According to the research discussed in this article, when the intensity of some sensory stimuli increases exponentially, our minds somehow unconsciously perceive the increase as linear. Our perception, in other words, is often logarithmic.What I find most fascinating about this is that our conscious minds are not very good at thinking about exponential growth. My favorite example is that of the twin brothers who invest with annual gains of 12% each: one twin saves \$2,000 from age 19 to 26 (a total of \$16,000) and then stops saving; the other twin doesn't start saving until age 27 but then puts away \$2,000 every year until age 65 (a total of \$78,000). Do the math, and you will see that the savings of the second twin, growing at 12% every year, never catch up with those of the first one.Our perception might often be logarithmic, and we might understand the math of exponentiation, but our brains are not very good at 'seeing' exponential growth!

 Modern humans no more need to appreciate the economics of consistent 12% gains than they need to know how to fend off a polar bear, or how to date three supermodels on a modest budget--it just ain't gonna happen.
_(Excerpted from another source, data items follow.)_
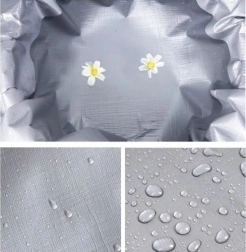 LDPE prevleka zagotavlja popolno vodoodpornost in zaščito pred dežjem, snegom in vlago. Obojestranska srebrno‑siva izvedba za večjo vsestranskost.
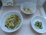 <献立> カレーうどん、牛乳、野菜のゆかりがけ、シナモンポテト <主な食材の産地...
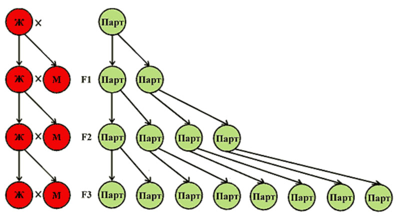 [Закрыть] Единственным отличием здесь будет то, что эти механизмы в данном случае будут осуществляться не в каждом поколении, а через одно.
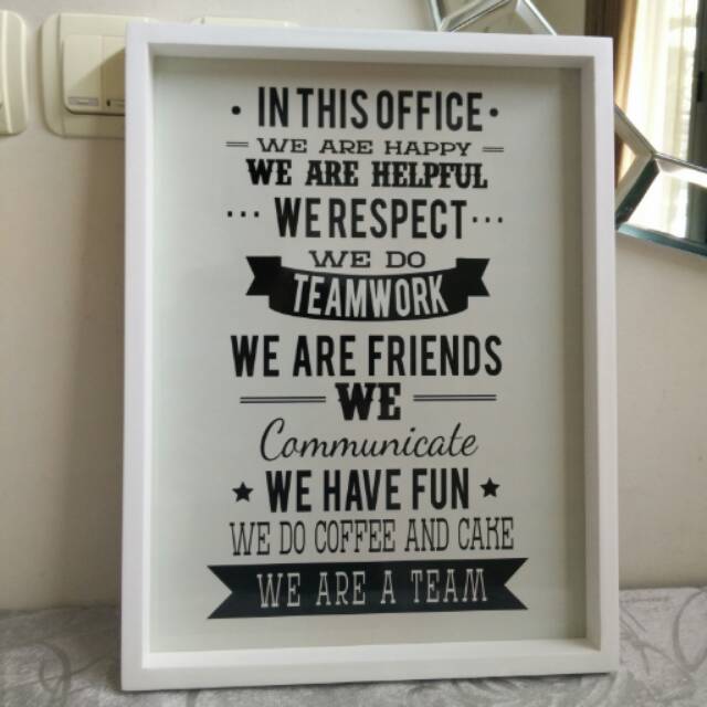 Hiasan dinding wooden posfer untuk office kantor frame uk
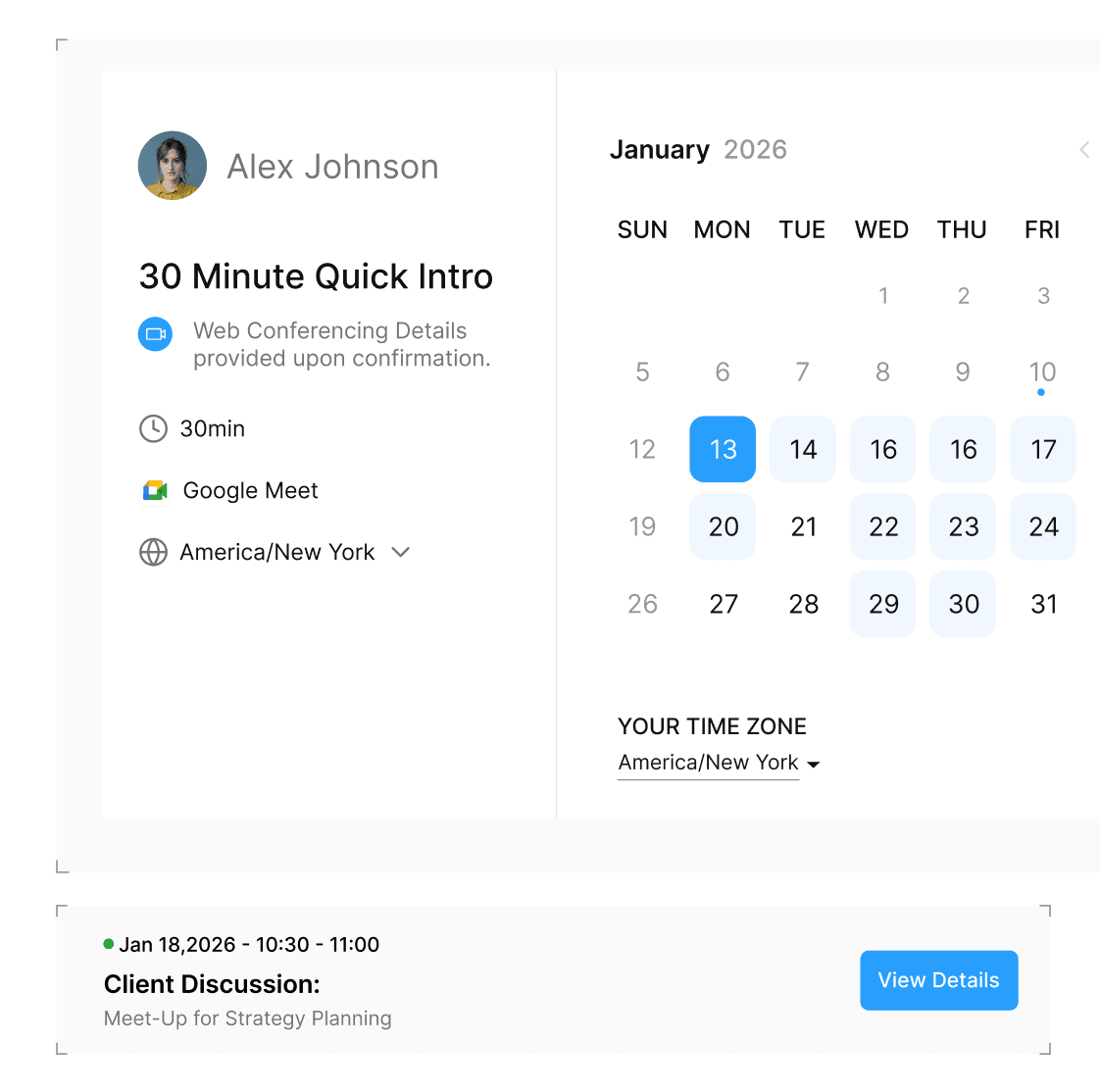 Send your scheduling link via email, embed on your website, or share in chats — clients book instantly.
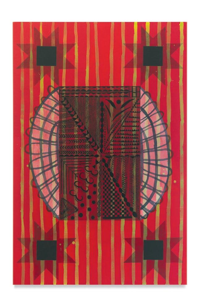 Untitled (2021) begins as one of Dowell’s more rigid designs, but the longer I view it, the more it becomes tender and human. Dowell told me that the composition began with the image of a funeral wreath of flowers held up on a tripod. Whether one knows that or not, the painting is wonderfully redolent of the passing of time, of clocks and tree rings, and of perennials on schedule. Yet this is also somehow a face, wigged perhaps and wearing suspenders. There is something sad presented here, though there is no clear story, no clear ritual, and no clear tradition. In bringing all these shapes and colors together, Dowell’s painting offers a complicated and textured form of mourning, joy, and pain, all at once.
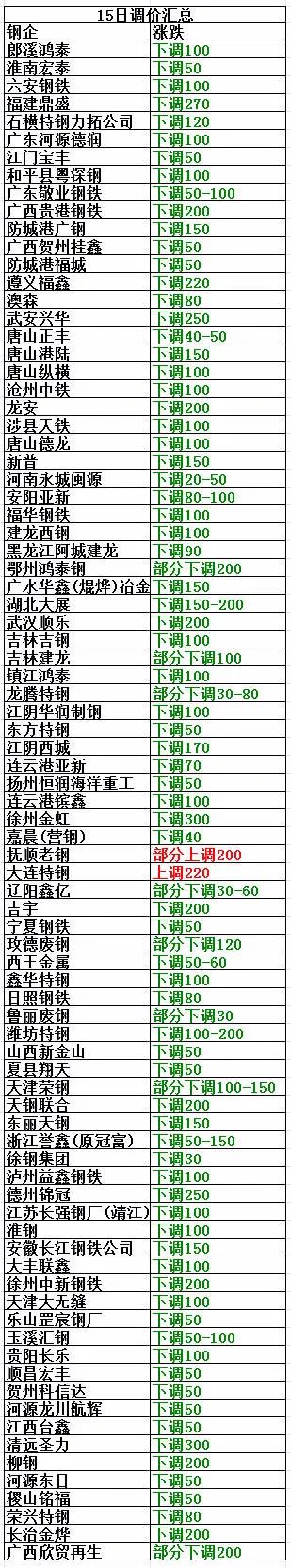 5月15日天津榮鋼部分下調(diào)100-150:鋼坯頭,圓鋼頭,火車輪3750,法蘭片3720,弓子板3710,優(yōu)質(zhì)一級(jí)3750,重a停收,特級(jí)破碎料3650,剪切料3250,鐵銷3230,鋼板料一級(jí)3750,軋廢3820,鋼筋切粒4150,不含稅
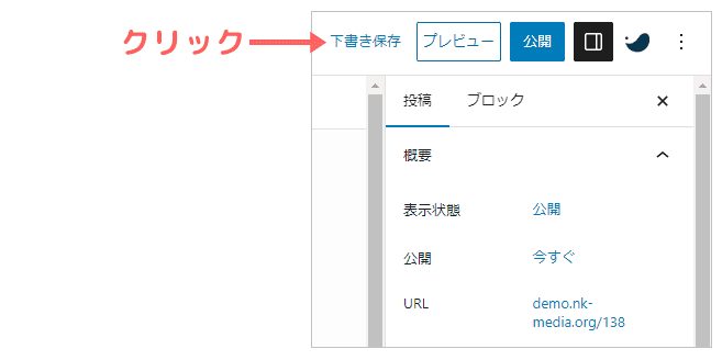 👇のように、エディタ右上の「下書き保存」をクリックすればOKです。

 When I first learned about this investment problem (although, my version had 18-30 and 30-65), I worked out the math, and I think it held for as low as 2% interest. I could be remembering wrong though... Surely, someone's done a formal write up on this?
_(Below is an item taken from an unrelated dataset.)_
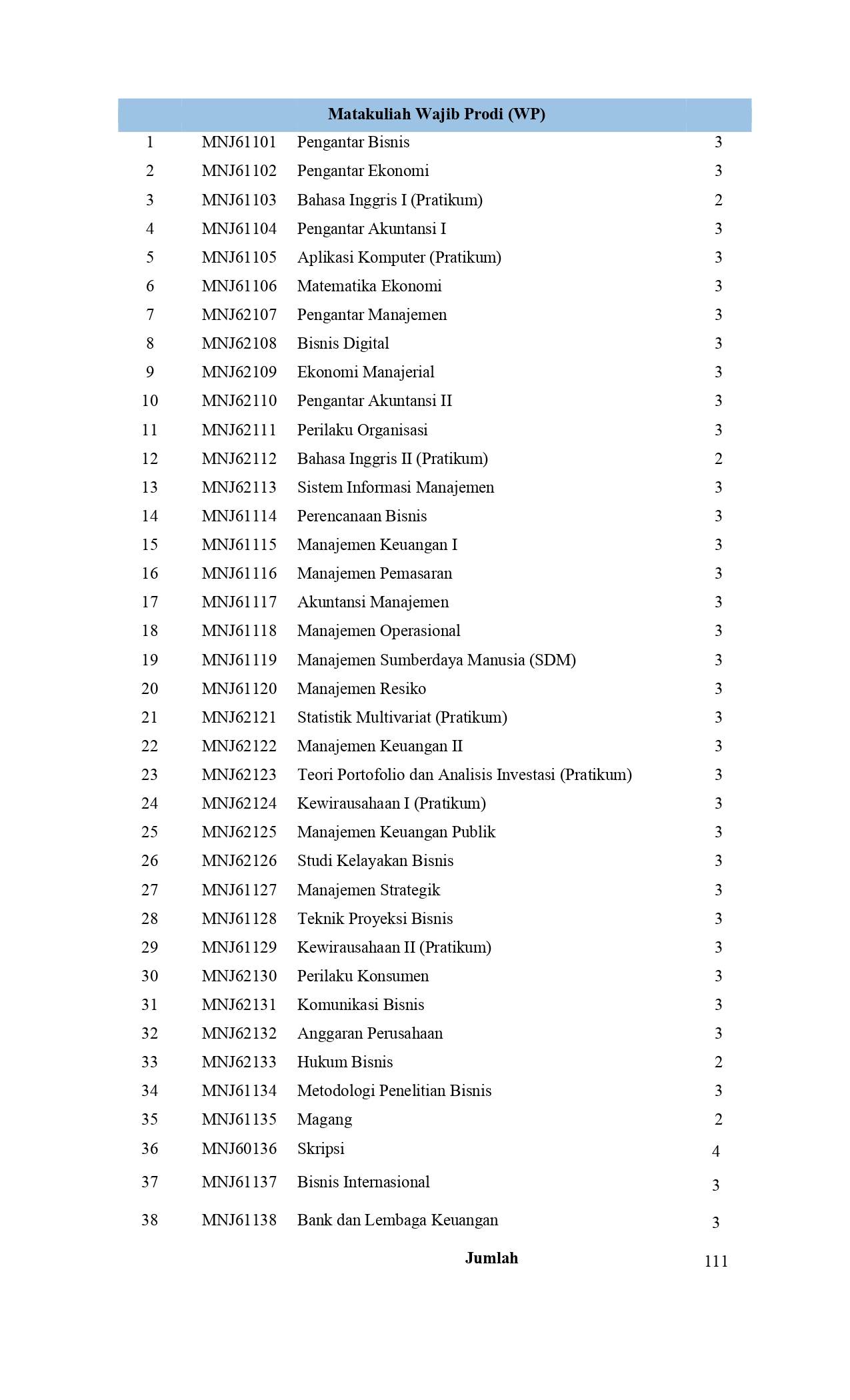 Kurikulum Fakultas Ekonomi dan Bisnis

 One way to simplify the problem is to figure out how much interest income the "early investor" is making at the moment the "late investor" kicks into gear. Obviously if Jane invests from age 16-20 and is now rolling \$4,000/yr interest income back into the mix on her 21st birthday, John's yearly contribution of anything less than \$4,000 ain't gonna cut it.The Rule of 72 http://en.wikipedia.org/wiki/Rule_of_72 is a really handy tool the layperson can use to get a grip on how long it takes for compounding increases (which is most increases we deal with day to day--taxes, population, traffic) to result in doubling. It makes a much greater impact to say "this town's population will double in 10 years" than it does to talk about 7% growth rates.
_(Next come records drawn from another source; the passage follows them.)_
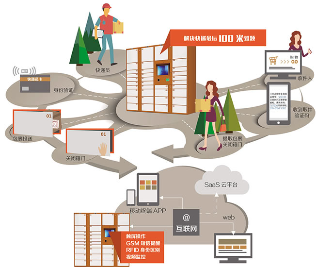 方正智能柜是一個快遞包裹的代收系統(tǒng),解決快遞最后“100”米難題,當(dāng)收件人不方便收取包裹時,快遞員可將包裹投入方正智能柜中,投遞成功后系統(tǒng)會自動給收件人發(fā)送帶有驗(yàn)證碼及二維碼的短信,收件人可憑驗(yàn)證碼或二維碼24小時隨時取件。方正智能柜的功能既不限于快遞終端,也不限于是網(wǎng)絡(luò)熱點(diǎn),它也可以作為社區(qū)便民終端(金融、繳費(fèi)、洗衣等生活服務(wù)功能),它將來是實(shí)現(xiàn)智慧社區(qū)的一個入口,是方正科技為實(shí)現(xiàn)智慧社區(qū)搭建的一個開放性平臺,是實(shí)現(xiàn)商家到客戶的有效橋梁!
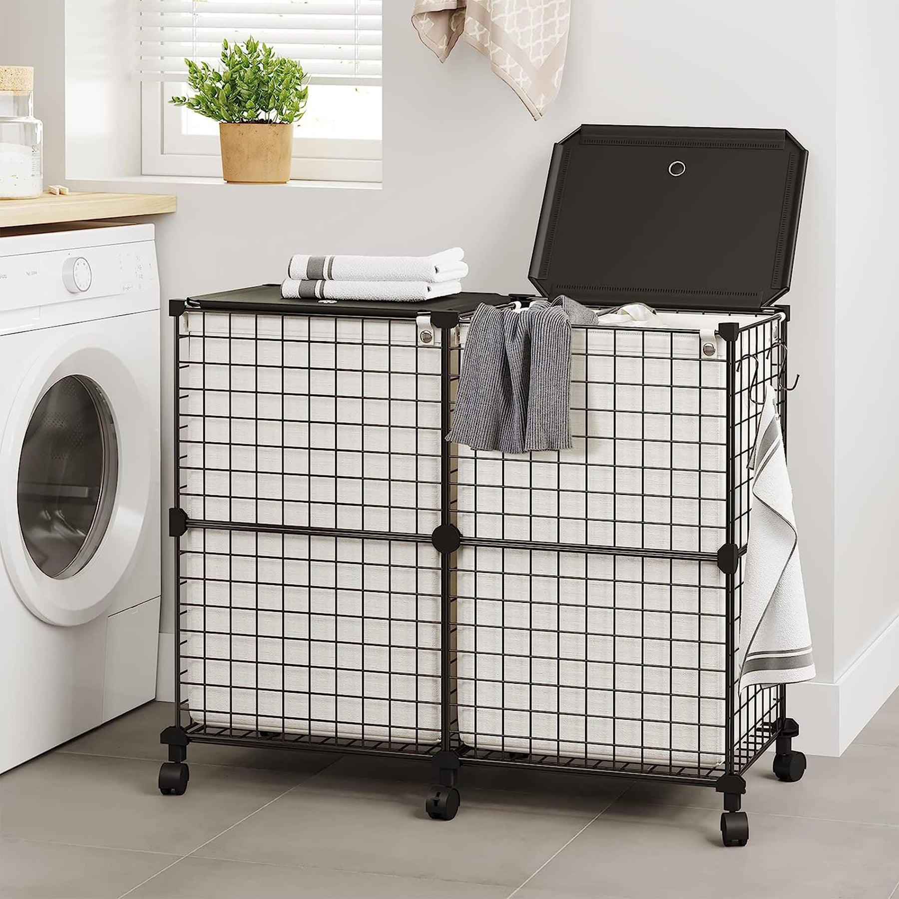 • Iron-frame laundry hamper on wheels makes laundry days effortless with a multifunctional design for storing and transporting small items
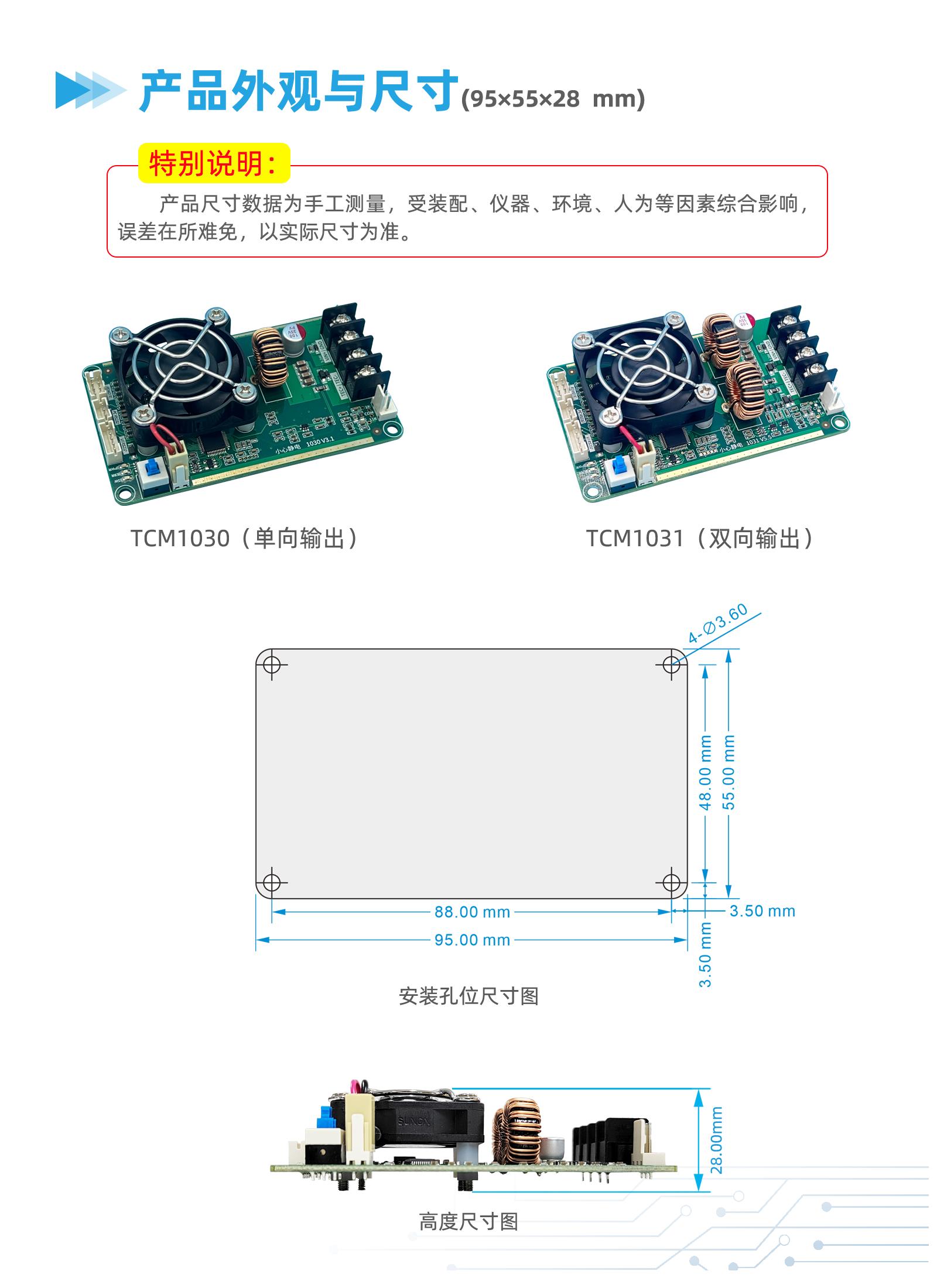 基础版温控模块数据手册,包含TCM1030、TCM1031模块型号。

 > My favorite example is...This exact thing caught me out a few weeks ago, it still boggles my mind. I started a pension recently and I was given examples of how much I would be worth if I started as soon as possible (my 21st birthday) or if I waited until I was 22, 23, 24... if my total monthly contributions are \$2,000 and I start on my 21st birthday I will be worth hundreds of thousands of dollars more than if I started at 23, or 25, but my brain thinks that is insane and even though I know it's true, I still can't get over it. The difference between 21 and 23 is \$160,000!going even more on a tangent, it's really a great shame this sort of thing isn't taught in schools. It seems obvious now after being taught that savings can vary so much this way with so little time, but until I was explained it I had no idea. I figured waiting until 25 or 30 to start a pension made most sense!
 Those estimates are often wrong though, because the idea of annual 12% returns is complete fiction. In fact the idea of any particular percentage annually is fiction. For instance, I only recently started a pension, however if you look at the stock market history (for simplicity), had I started in 2000, the net gain I could have expected was almost precisely zero, if not negative. If I could have found something that paid 12% from 2000 to 2012, sure, I would have missed out on a lot, but there in fact not only was no such beast (in the broad sense), there was also a lot of ways to experience negative gain.This is one of my favorite visualizations ever: http://www.nytimes.com/interactive/2011/01/02/business/20110... Be sure to carefully read what it is actually visualizing; I've posted this a couple times and people often knee-jerk a reaction to it based on a complete misreading of the chart.
 In the context of this discussion (and indeed as reflects how most people invest), wouldn't it be more relevant to see the average rate of return assuming regular (inflation or income growth adjusted) annual investments?
 Exactly. Depending on volatility you could get a positive return investing a set amount in a stock regularly, even if the stock started and finished at the exact same price.In addition some stocks pay dividends; reinvesting these can also improve rate of return beyond what would be expected from just looking at the stock price.
 itry on Oct 8, 2012 [–] Interesting chart.Strange, at one point it says "High inlfation led to negative returns". When money is worth less, then you get more money when you sell something. In this case your share of a company. So why would the returns of investing in the S&P be affected by inflation?
 Because the nature of inflation is to devalue money. For example, let's say you put \$10k under your bed to buy a car for your kid when they turn 18, and let's say inflation was at 2% for those 18 years.Now the 18 years have speed buy and you go grab your very old stack of \$10k from under the bed frame to celebrate your kid leaving the house. When you get to the car dealership, you find the equivalent car you could have purchased now costs \$14,282. Your money has lost almost a third of it's value just by inflation.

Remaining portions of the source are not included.